We are maintaining our $29 fair value estimate for no-moat HP Inc. after it announced the intention to acquire communication peripherals company Poly for $40 per share in cash, or about $3.3 billion in enterprise value. HP's shares sank about 5% on the news, which we believe reflects uncertainty in HP being able to significantly accelerate Poly's growth durably and concerns around the planned operating margin expansion of Poly being underwhelming. Although we think this deal helps HP sell a more holistic hybrid working solution on top of its PC and printing products, we continue to see shares overvalued as we expect record PC and peripherals demand to wane as supply chain challenges abate.
Stock Analyst Note

No-moat HP reported impressive first-quarter fiscal results, with top- and bottom-line figures above our expectations, led by continued strength in the personal systems vertical.

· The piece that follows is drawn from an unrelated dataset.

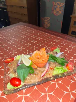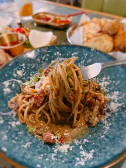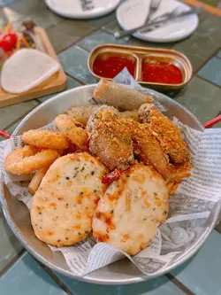 幾年前食過呢間餐廳食物質素唔錯😋無論裝修及菜式名都充滿趣味🤪環境設計好特別佈置又有心思❤️餐廳主打西式料理🍽️掃𝙌𝙍 𝙘𝙤𝙙𝙚自助下單📱方便快捷不過用餐時間只有90分鐘要注意二人晚市套餐 $588是日餐湯(2碗)🍄🟫🥣今日的湯是忌廉蘑菇湯,飲到好濃郁菇菌味,口感較為稀身,而我個人比較中意飲濃稠的質感,覺得會較實在啲😂小食豆腐魚餅(2件)🧆2件豆腐魚餅外型好似薯餅,表面炸到金黃香脆,魚餅內餡仲有粟米粒🌽、紅蘿蔔粒🥕,咬落去口感唔會太淋,配上泰式醬汁更滋味主菜辣椒螃蟹醬蟹肉蟹籽意粉🦀🍝意粉鋪滿蟹肉,蟹籽,車厘茄🍅,雜菌🍄🟫,加入辣椒螃蟹醬及番茄醬混合調味,意粉口感煙韌彈牙,每條意粉都掛滿醬汁,濃烈的酸甜香辣有啲似泰式辣醬🌶️,越食越過癮惹味十足😋羅望子醬燒美國豬肋骨配薯條🐷🍟燒豬肋骨🐷厚肉好大條,啖啖肉肉質軟嫩,咬落去肉好易離骨,沾滿羅望子醬汁超入味,配上香脆的炸薯條🍟及沙律菜🥗飲品桂花柑桔蘋果沙冰🍎🍹 +$28加$28轉特飲,有3片薄切蘋果片🍎做點綴,飲到清香的桂花味及蘋果味,隱約有微微柑桔味,沙冰口感冰爽,好岩夏天飲非常消暑解渴蜂蜜水蜜桃茶(凍)🍑🍹飲到香濃水蜜桃味,底部有少量蜜桃粒有咬口是日心情甜品🍰甜品是兩件細細件開心果巴斯克蛋糕,微微焦香及淡淡的開心果味好夾冬陰功大蝦薄比薩(辣)🦐🍕𝙋𝙞𝙯𝙯𝙖🍕餅底薄身,切好分成6件,每件𝙋𝙞𝙯𝙯𝙖都有大大隻鮮蝦🦐爽口彈牙,香甜菠蘿🍍,冬陰功薯蓉,青尖椒🫑及紫洋蔥🧅,配上芝士🧀食落幾有泰國風味,同朋友一齊分享好滿足🥰…查看更多

The continued supply-demand imbalance within the market predominantly impacted the HP print segment over the first quarter, resulting in uncaptured revenue from supply chain constraints paired with a growing backlog of demand for products. We are maintaining our fair value estimate of $29 per share, as we expect growth within fiscal 2022; however, we remain cautious of long-term demand for current supply-constrained products after near-term market imbalances normalize. Shares fell about 2% after hours and we still view shares as overvalued.
Stock Analyst Note

No-moat HP Inc closed off fiscal 2021 with impressive financial results, with top- and bottom-line numbers above our estimates as continued strength in the personal systems vertical buoyed the firm's top line. As in the quarters before, management highlighted the supply-demand imbalance currently present in the market, with HP's revenue being limited by supply chain constraints despite having willing buyers for their products. We are raising our fair value estimate to $29 per share from $27 as we expect growth to continue in fiscal 2022; however, we see shares as slightly overvalued as we remain concerned about the long-term demand for supply-constrained products after supply chain challenges normalize.